454. Adding Four Numbers II
Suggestion: This question is a problem solved by using map. Let’s have a good experience of how the hash method can improve program execution efficiency and reduce time complexity. Of course, using hash method will increase the space complexity, but generally speaking, we trade space for time. , the same is true for industrial development.
Topic Link: Lituo
Idea: We are given four arrays, find an element in each of the four arrays, and the result is 0, and there is no need to perform deduplication. You can first traverse the first two arrays A+B, and then traverse the latter two arrays C+D. If the sum of the four elements is equal to 0, the result element can be obtained. Considering that the subscript of the array is relatively large, considering map and set, it is not only necessary to count whether it has occurred, but also to count the number of occurrences, so here we use map to solve this problem.
map key:a+b value:3
Here 0-(c+d)=a+b is selected. When the thinking is clear, it is relatively simple.

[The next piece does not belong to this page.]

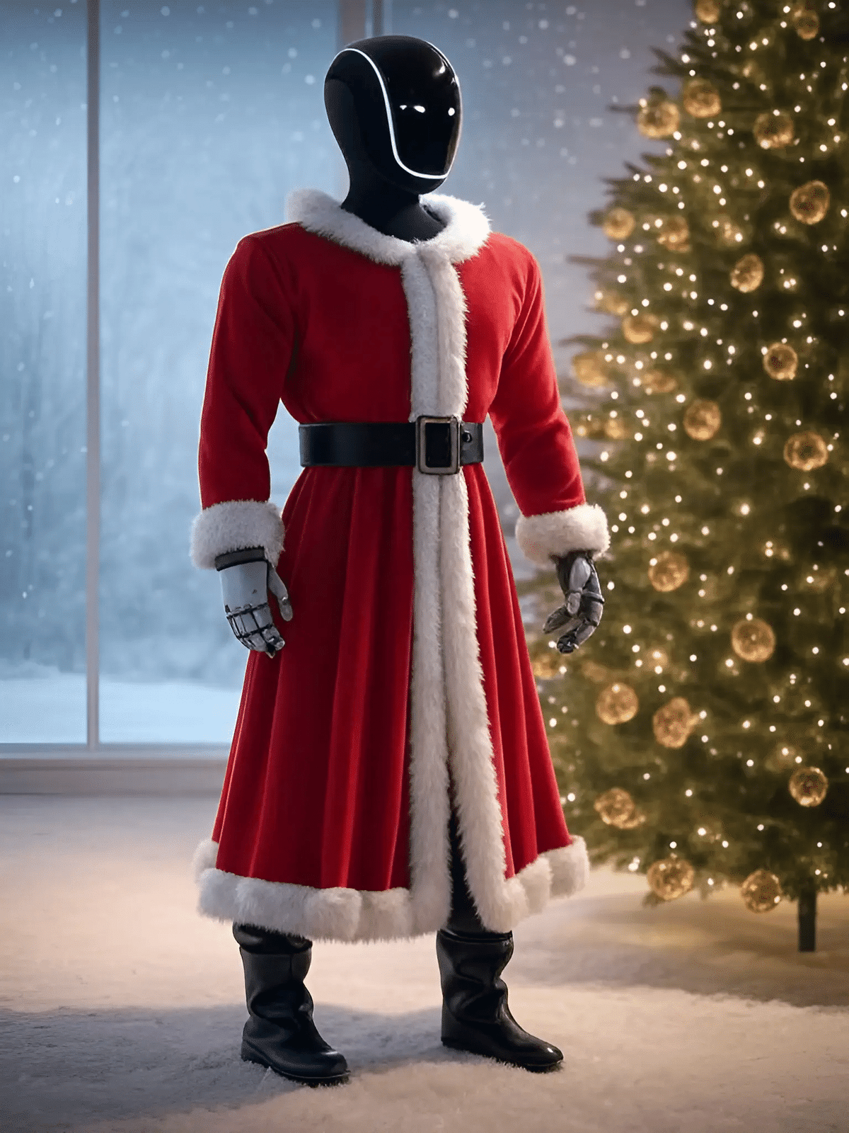 Optimus wearing a Xmas costume in a Xmas scene

Why is it divided into two parts, the process of traversing the first two is n^2, and then the latter is also n^2. If it is divided into 1 and 3 types, it is the case of n and n^3.

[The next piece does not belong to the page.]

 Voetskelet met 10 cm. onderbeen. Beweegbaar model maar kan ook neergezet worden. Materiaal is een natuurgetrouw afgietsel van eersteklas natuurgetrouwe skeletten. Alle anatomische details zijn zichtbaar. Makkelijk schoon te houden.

The use of undered_map here is not sensitive to duplicate data and is highly efficient. See test code below
class Solution {
public:
int fourSumCount(vector<int>& nums1, vector<int>& nums2, vector<int>& nums3, vector<int>& nums4) {
//首先,声明一个map,里面放置很多自己想要的数据,map的key就是相应的a+b的数值,value是a+b出现的次数
unordered_map<int,int> mymap;
for(int a:nums1)
{
for(int b:nums2)
{
mymap[a+b]++;//相当是value值想加
}
}
int count = 0;
for(int c:nums3)
{
for(int d:nums4)
{
if(mymap.find(0-(c+d))!=mymap.end())
{
count += mymap[(0-(c+d))];
}
}
}
return count;
}
};383. Ransom letter
Suggestion: This question and 242. Effective anagrams are an idea, which can be regarded as an extended question.
Topic Link: Lituo
The following code is written by myself, which is easier to understand.
class Solution {
public:
bool canConstruct(string ransomNote, string magazine) {
int record[26]={0};
if(ransomNote.size()>magazine.size())
{
return false;
}
for(int i=0;i<ransomNote.size();i++)
{
record[ransomNote[i]-'a']++;
}
for(int i=0;i<magazine.size();i++)
{
record[magazine[i]-'a']--;
}
for(int i=0;i<ransomNote.size();i++)
{
if(record[ransomNote[i]-'a']>0)
{
return false;
}
}
return true;
}
};15. Sum of three numbers
Suggestion: Although this question is very similar to the sum of two numbers, you can also use the hash method, but it will be troublesome to use the hash method. The double-pointer method is the correct solution. You can watch the video to understand the idea of the double-pointer method. The article explains Yes, no problem. Hashing is messy.
Topic Link: Lituo
This place is a little more complicated than the two situations, a+b+c=0; this question needs to be deduplicated, so the hash method cannot be used, and the sorting method can be used to solve it first.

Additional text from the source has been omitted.